A glass prism of angle $A=60^{^\circ }$ gives a minimum angle of deviation $\theta = 3 0^{^\circ }$ with the maximum error of $1^{^\circ }$ when a beam of parallel light passed through the prism during an experiment.

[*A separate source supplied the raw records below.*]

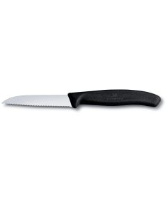 50554 (code) Μαχαίρι κουζίνας 8cm ίσιο οδοντωτό μαύρη λαβή Swiss Classic 6.7433 Victorinox Το μαχαίρι πολλαπλών χρήσεων της Ελβετικής εταιρίας Victorinox , είναι ένα εξαιρετικά εύχρηστο μαχαίρι. Ιδανικό για να κόβει, να ξεφλουδίζει και τεμαχίζει μικρά φρούτα και λαχανικά. Διαθέτει επίσης...
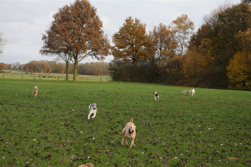 Twaalf whippets en Italiaantje Lotec maakten het recreatiegebied samen onveilig. Nee hoor Katja, geen konijn te vinden hier – maar waarom waren ze toch zo wild ;>))
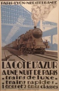 Panneaux décoratifs, ambiance feutrée, c’est ce qu’on trouvait encore dans le Train Bleu qui reliait Paris à Vintimille et s’arrêtait dans toutes les gares de la Côte d’Azur, avant d’être progressivement supplanté par le Mistral, train de jour rapide Paris-Nice, l’ancêtre du TGV.

The permissible error in the measurement of refractive index $\mu $ of the material of the prism is :

• A. $\frac{1 0 0 \pi }{1 8 0} \text{\%}$
• B. $\frac{5 \pi }{1 8 0} \text{\%}$
• C. $\frac{5 0 \pi }{1 8 0} \text{\%}$
• D. $\frac{5 \pi }{1 8} \text{\%}$

Answer 1

Answer: (D)

$\mu=\frac{\sin \left(\frac{\delta+ A }{2}\right)}{\left(\sin \left(\frac{ A }{2}\right)\right)},$ where $\delta$ is the minimum deviation , where $\delta$ is the minimum deviation
$\frac{\text{d} \mu }{\text{dδ}}=\frac{cos \left(\frac{\delta + A}{2}\right)}{\text{2sin} \left(\frac{\text{A}}{2}\right)}$
$\Rightarrow \frac{\text{d} \mu }{\mu }=\frac{\text{cos } \left(\frac{\delta + A}{2}\right)}{\text{2sin } \left(\frac{\delta + A}{2}\right)}d\delta$
$\Rightarrow \frac{\text{d} \mu }{\mu }=\frac{1}{2}\text{cot}\left(\frac{\delta + A}{2}\right)\text{dδ}$
$\left(\frac{\delta + A}{2}\right)=45^\circ $
$\Rightarrow \frac{\text{d} \mu }{\mu }\times 100=\frac{1}{2}\text{cot}\left(45 ^\circ \right)\frac{\pi }{180}\times 100$
Percentage error $= \frac{5 \pi }{1 8\%}$